Requirement:
Nothing but the lines from the top of the records through the line with "二重の雲海が発生したうえで雲" should be returned, exactly, and without pictures.

Given records:
§
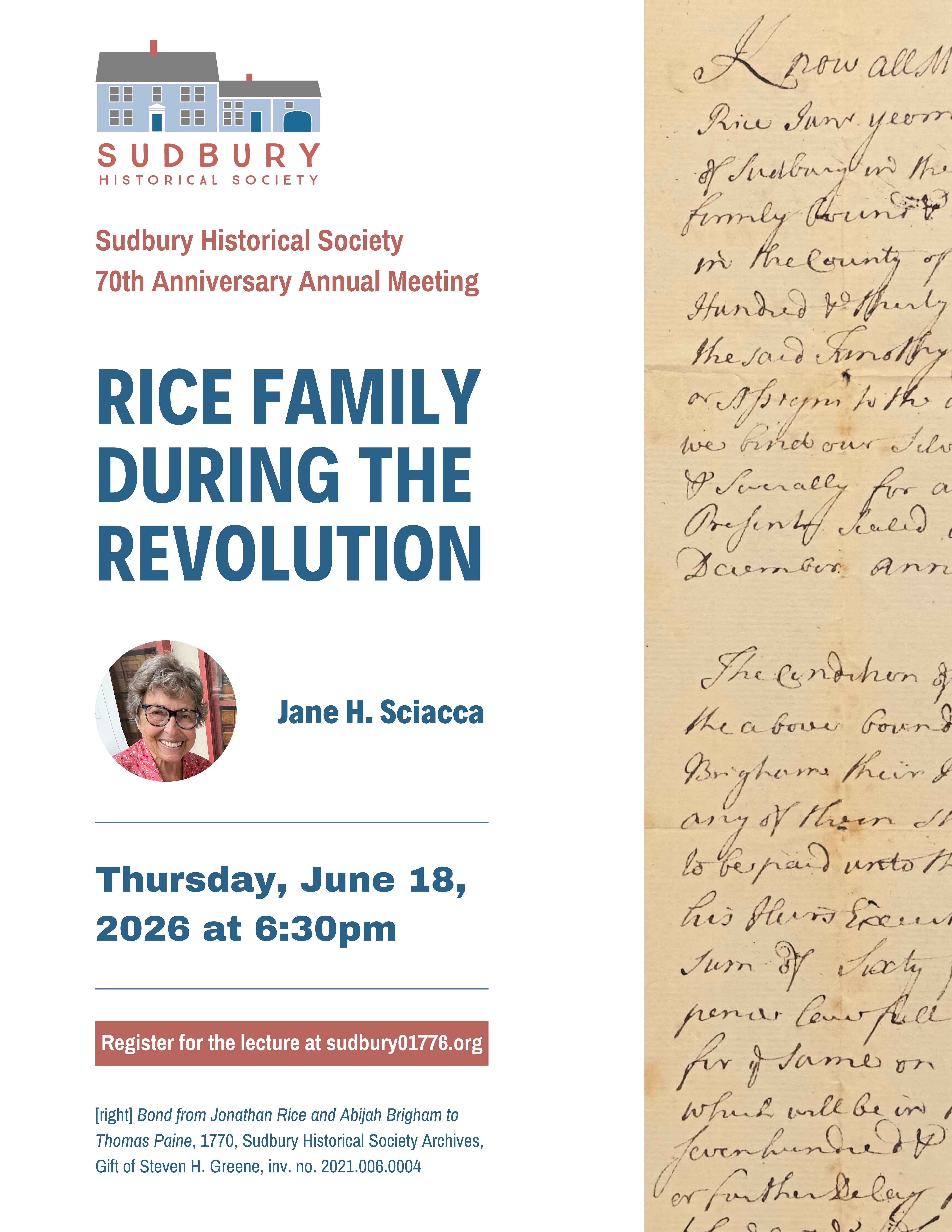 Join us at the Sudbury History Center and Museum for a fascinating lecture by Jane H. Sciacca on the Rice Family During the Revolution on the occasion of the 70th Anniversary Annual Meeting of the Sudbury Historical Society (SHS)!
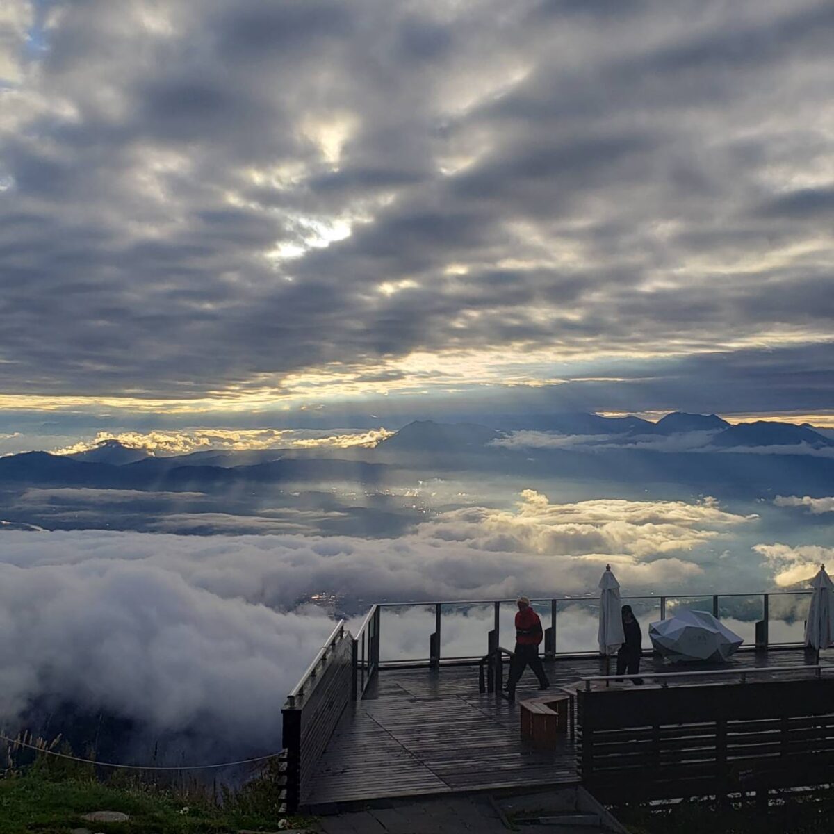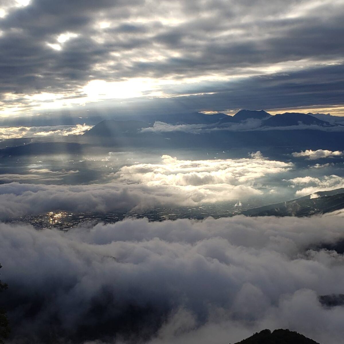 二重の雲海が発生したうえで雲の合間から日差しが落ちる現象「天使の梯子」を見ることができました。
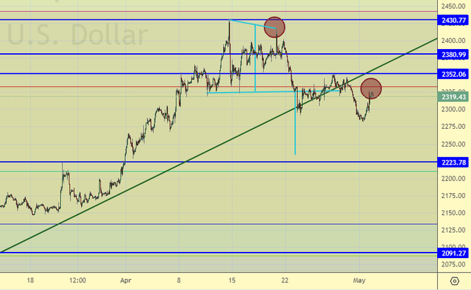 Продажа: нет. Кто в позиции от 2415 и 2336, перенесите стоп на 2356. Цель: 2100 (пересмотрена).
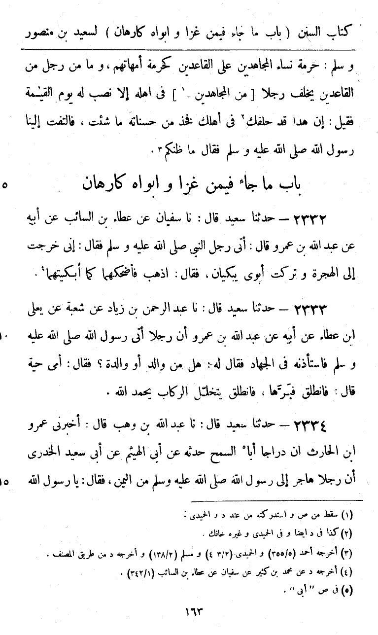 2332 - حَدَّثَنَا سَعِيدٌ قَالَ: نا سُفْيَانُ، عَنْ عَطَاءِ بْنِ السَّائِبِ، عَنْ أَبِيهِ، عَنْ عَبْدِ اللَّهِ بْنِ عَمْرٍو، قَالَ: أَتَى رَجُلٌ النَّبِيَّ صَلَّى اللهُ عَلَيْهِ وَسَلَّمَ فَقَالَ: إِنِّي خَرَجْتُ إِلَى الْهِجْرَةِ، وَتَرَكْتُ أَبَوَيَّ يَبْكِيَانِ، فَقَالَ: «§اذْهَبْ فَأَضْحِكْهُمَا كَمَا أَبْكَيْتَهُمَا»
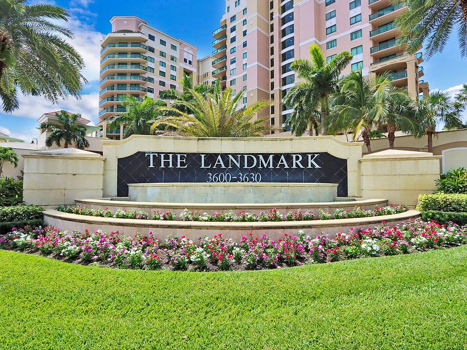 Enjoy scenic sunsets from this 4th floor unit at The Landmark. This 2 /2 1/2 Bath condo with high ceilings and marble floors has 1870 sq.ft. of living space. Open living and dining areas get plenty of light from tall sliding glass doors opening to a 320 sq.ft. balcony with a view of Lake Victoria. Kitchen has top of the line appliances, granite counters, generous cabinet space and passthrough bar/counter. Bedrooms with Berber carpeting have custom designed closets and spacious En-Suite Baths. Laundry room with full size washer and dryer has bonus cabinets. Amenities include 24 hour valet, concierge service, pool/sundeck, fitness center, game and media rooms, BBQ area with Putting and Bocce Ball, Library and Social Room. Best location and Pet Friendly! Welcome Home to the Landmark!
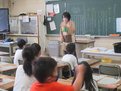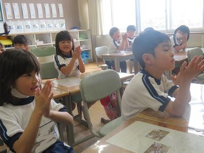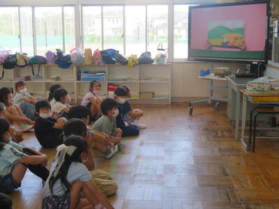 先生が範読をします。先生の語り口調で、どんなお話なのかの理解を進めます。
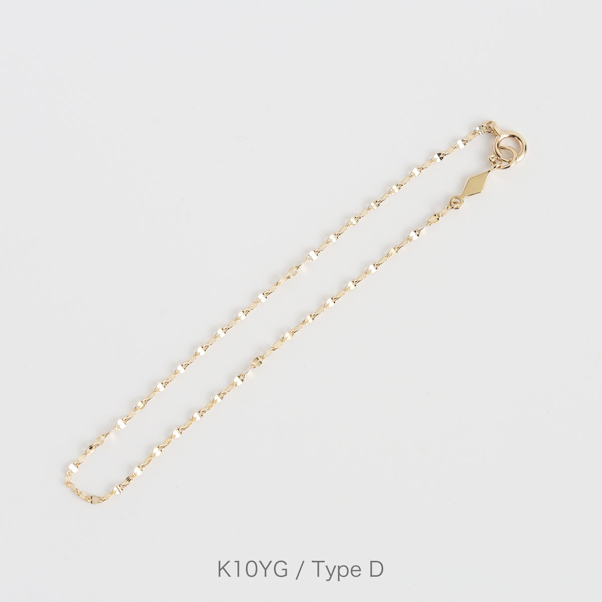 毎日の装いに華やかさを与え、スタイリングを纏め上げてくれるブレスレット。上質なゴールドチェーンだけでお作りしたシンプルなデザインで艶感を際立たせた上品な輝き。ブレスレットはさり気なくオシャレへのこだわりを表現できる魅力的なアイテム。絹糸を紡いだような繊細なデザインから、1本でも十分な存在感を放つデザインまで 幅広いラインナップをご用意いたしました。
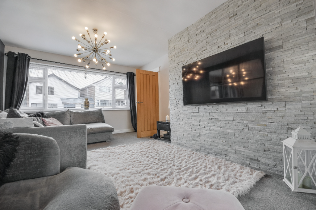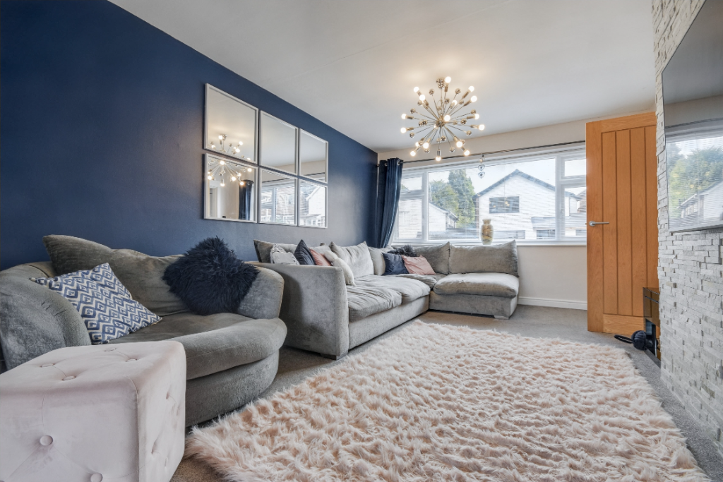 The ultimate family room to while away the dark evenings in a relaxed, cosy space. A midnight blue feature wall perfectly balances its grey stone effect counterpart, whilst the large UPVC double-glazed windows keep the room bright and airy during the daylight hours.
§
Exercise output:
 Join us at the Sudbury History Center and Museum for a fascinating lecture by Jane H. Sciacca on the Rice Family During the Revolution on the occasion of the 70th Anniversary Annual Meeting of the Sudbury Historical Society (SHS)!
 二重の雲海が発生したうえで雲の合間から日差しが落ちる現象「天使の梯子」を見ることができました。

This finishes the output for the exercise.